26. Dall’altro, conformemente all’articolo 3 della direttiva 2002/15, le definizioni previste da quest’ultima sono stabilite «ai sensi della presente direttiva». Pertanto, l’interpretazione delle nozioni di «lavoratore mobile» e di «autotrasportatore autonomo», definite all’articolo 3, lettere d) ed e), della medesima, non può oltrepassare l’ambito di applicazione di detta direttiva.

27. Orbene, è giocoforza rilevare che il procedimento principale, riguardante un’azione di contestazione di un licenziamento, non verte su una questione relativa all’organizzazione dell’orario di lavoro, bensì sul punto se la persona interessata debba essere qualificata come «lavoratore mobile» e quindi come lavoratore dipendente ai fini dell’applicazione del diritto del lavoro nazionale e, in particolare, della normativa sui licenziamenti.

28. Di conseguenza, si deve concludere che una controversia come quella oggetto del procedimento principale non rientra nell’ambito di applicazione della direttiva 2002/15 e che le nozioni contenute nell’articolo 3, lettere d) ed e), di tale direttiva non sono quindi applicabili a tale controversia.

29. Ne consegue che l’interpretazione dell’articolo 3, lettere d) ed e), della direttiva 2002/15 non è necessaria ai fini della soluzione della controversia principale.
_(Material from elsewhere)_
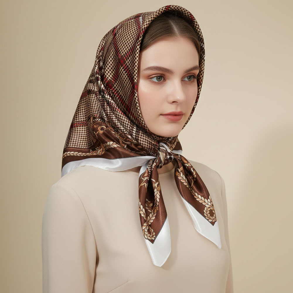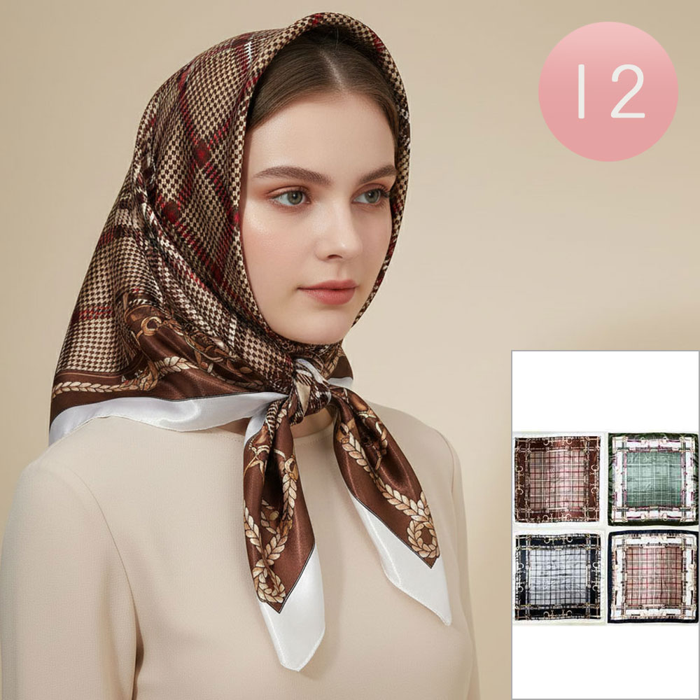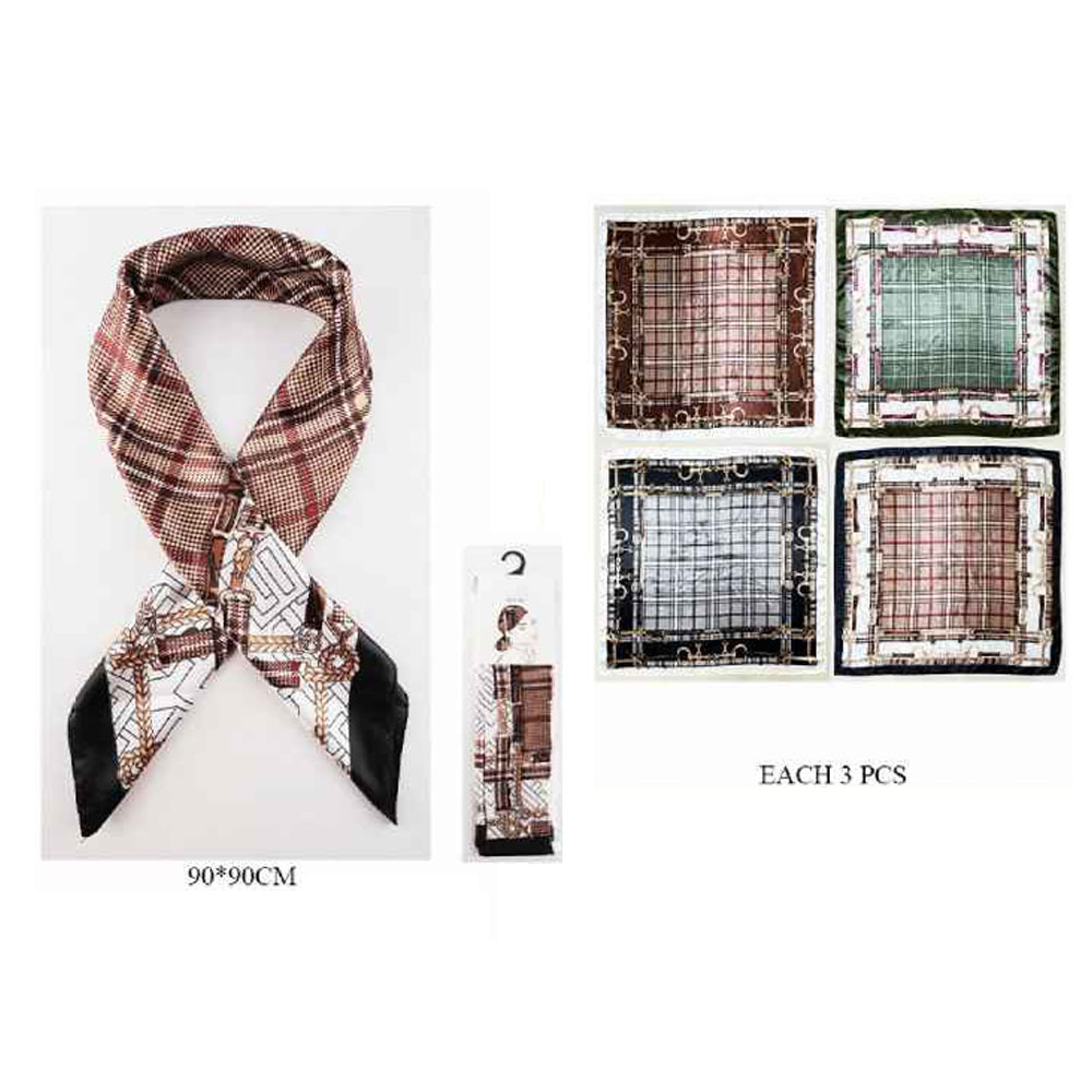 Details • Size : 36" X 36" • Material : 100% Polyester • Add timeless refinement to everyday outfits with this versatile square scarf featuring a refined check motif. Perfect for styling at the neck, hair, wrist, or bag, it offers effortless elegance for casual wear or elevated looks.

30. Si deve pertanto constatare che le questioni oggetto della domanda pregiudiziale proposta dallo Juzgado de lo Social n. 3 de Barcelona (Tribunale del lavoro di Barcellona) sono irricevibili.

 

Sulle spese

 

31. Nei confronti delle parti nel procedimento principale la presente causa costituisce un incidente sollevato dinanzi al giudice del rinvio, cui spetta quindi statuire sulle spese. Le spese sostenute da altri soggetti per presentare osservazioni alla Corte non possono dar luogo a rifusione.

 

P.Q.M.

 

La domanda di pronuncia pregiudiziale proposta dallo Juzgado de lo Social n. 3 de Barcelona (Tribunale del lavoro di Barcellona, Spagna) è irricevibile.